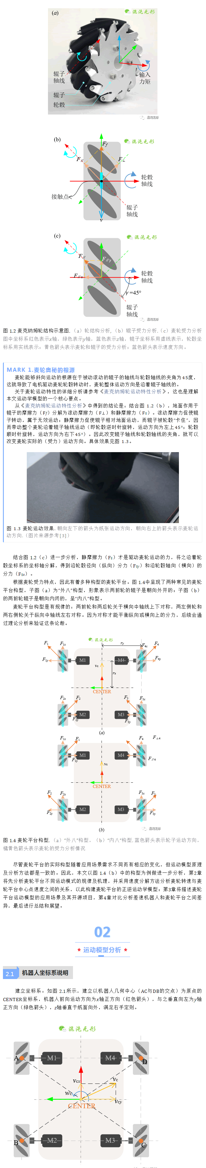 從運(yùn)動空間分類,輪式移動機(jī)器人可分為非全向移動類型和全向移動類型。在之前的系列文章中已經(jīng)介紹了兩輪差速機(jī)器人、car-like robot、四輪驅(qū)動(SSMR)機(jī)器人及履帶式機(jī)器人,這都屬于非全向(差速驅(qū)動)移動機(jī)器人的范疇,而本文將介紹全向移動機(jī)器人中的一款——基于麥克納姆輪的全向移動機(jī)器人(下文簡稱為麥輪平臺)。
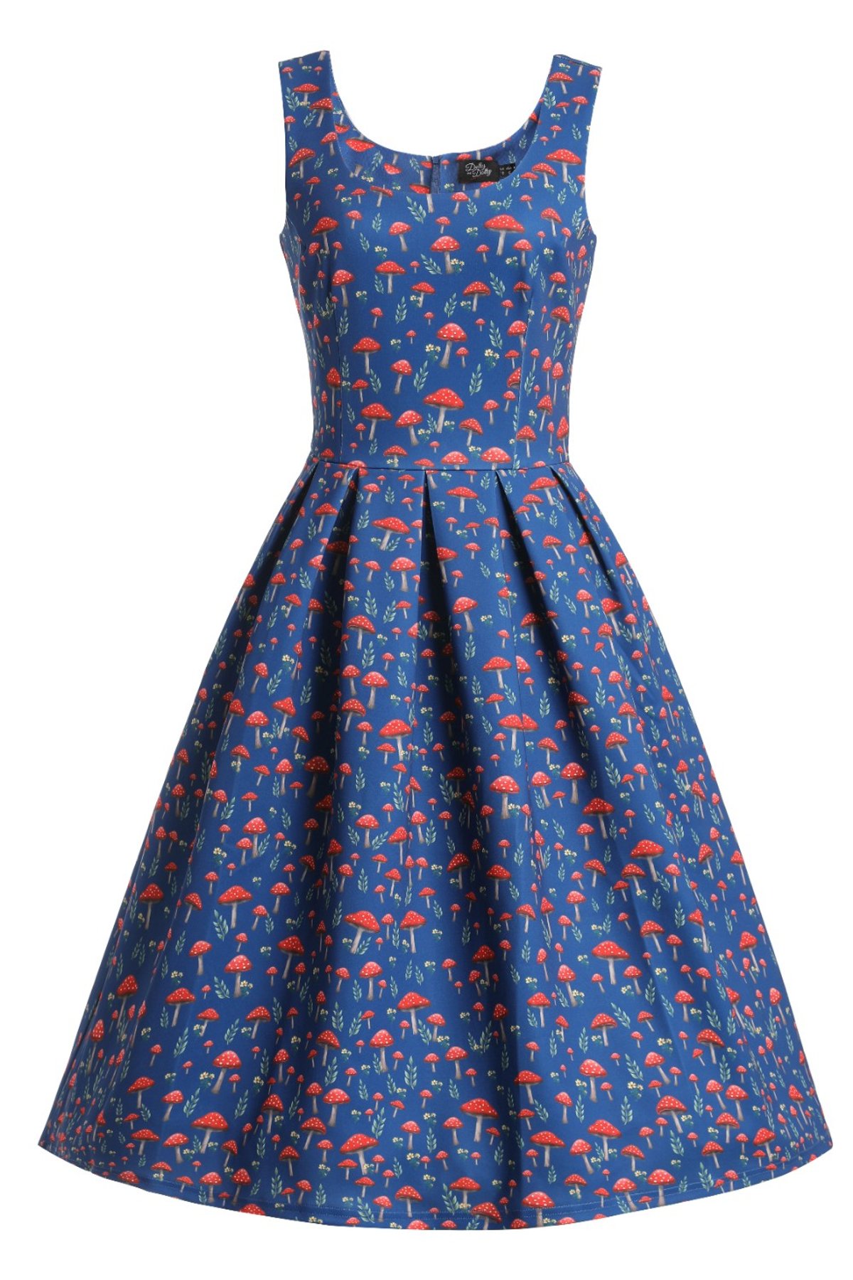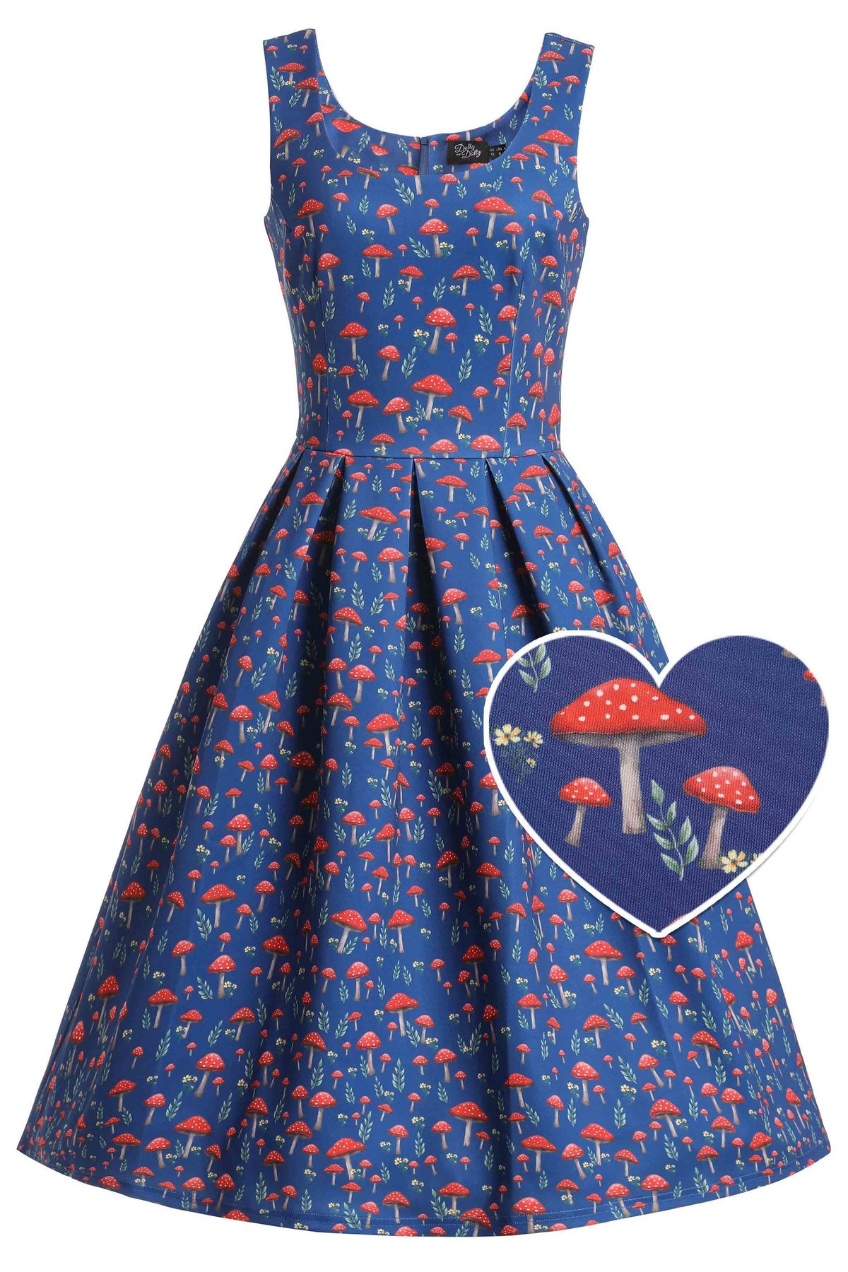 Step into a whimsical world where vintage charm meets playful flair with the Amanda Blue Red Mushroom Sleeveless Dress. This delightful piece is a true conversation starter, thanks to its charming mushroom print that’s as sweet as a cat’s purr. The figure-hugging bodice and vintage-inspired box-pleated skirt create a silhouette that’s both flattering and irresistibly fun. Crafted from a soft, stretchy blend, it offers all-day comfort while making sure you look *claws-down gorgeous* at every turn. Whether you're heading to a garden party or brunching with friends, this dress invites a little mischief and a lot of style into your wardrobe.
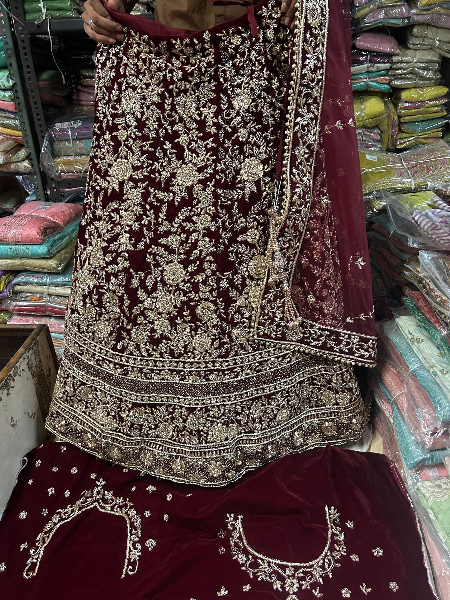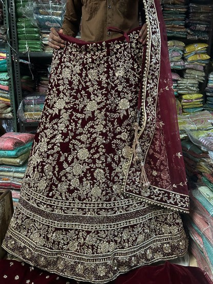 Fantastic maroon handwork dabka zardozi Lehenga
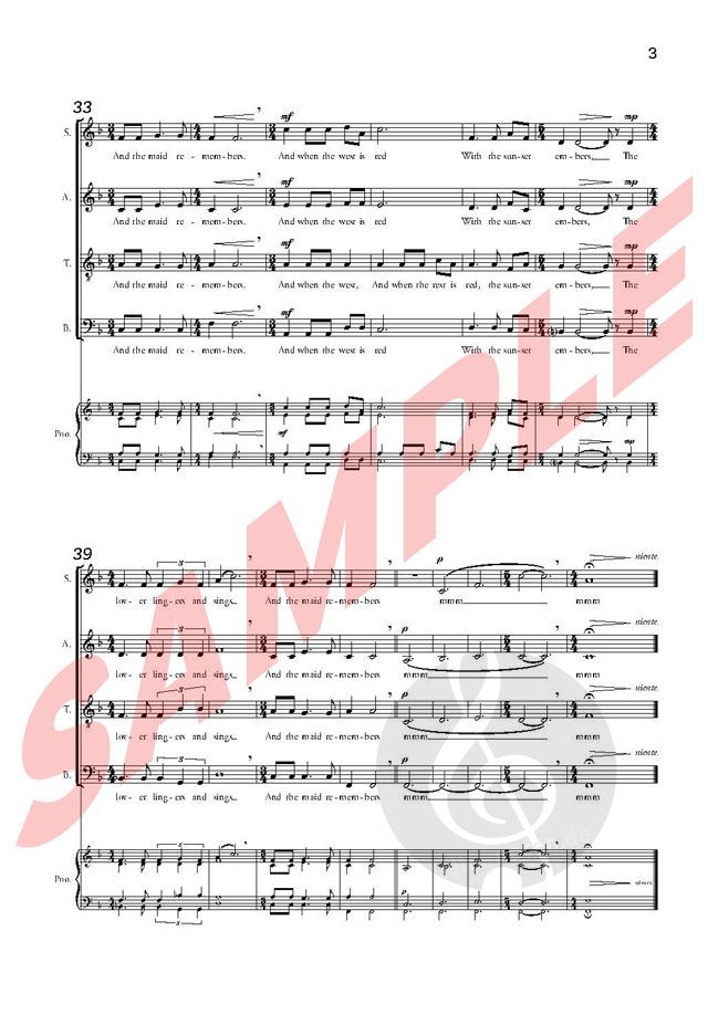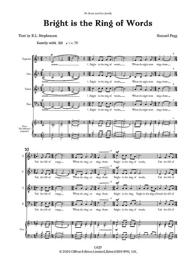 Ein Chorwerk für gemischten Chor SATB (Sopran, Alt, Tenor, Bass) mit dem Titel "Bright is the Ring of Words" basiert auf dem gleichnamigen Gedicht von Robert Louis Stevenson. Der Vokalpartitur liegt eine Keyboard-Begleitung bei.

==========

— ACTIVITY —
Repeat the material above word for word but skip the images.

— TASK SOLUTION —
 從運(yùn)動空間分類,輪式移動機(jī)器人可分為非全向移動類型和全向移動類型。在之前的系列文章中已經(jīng)介紹了兩輪差速機(jī)器人、car-like robot、四輪驅(qū)動(SSMR)機(jī)器人及履帶式機(jī)器人,這都屬于非全向(差速驅(qū)動)移動機(jī)器人的范疇,而本文將介紹全向移動機(jī)器人中的一款——基于麥克納姆輪的全向移動機(jī)器人(下文簡稱為麥輪平臺)。
 Step into a whimsical world where vintage charm meets playful flair with the Amanda Blue Red Mushroom Sleeveless Dress. This delightful piece is a true conversation starter, thanks to its charming mushroom print that’s as sweet as a cat’s purr. The figure-hugging bodice and vintage-inspired box-pleated skirt create a silhouette that’s both flattering and irresistibly fun. Crafted from a soft, stretchy blend, it offers all-day comfort while making sure you look *claws-down gorgeous* at every turn. Whether you're heading to a garden party or brunching with friends, this dress invites a little mischief and a lot of style into your wardrobe.
 Fantastic maroon handwork dabka zardozi Lehenga
 Ein Chorwerk für gemischten Chor SATB (Sopran, Alt, Tenor, Bass) mit dem Titel "Bright is the Ring of Words" basiert auf dem gleichnamigen Gedicht von Robert Louis Stevenson. Der Vokalpartitur liegt eine Keyboard-Begleitung bei.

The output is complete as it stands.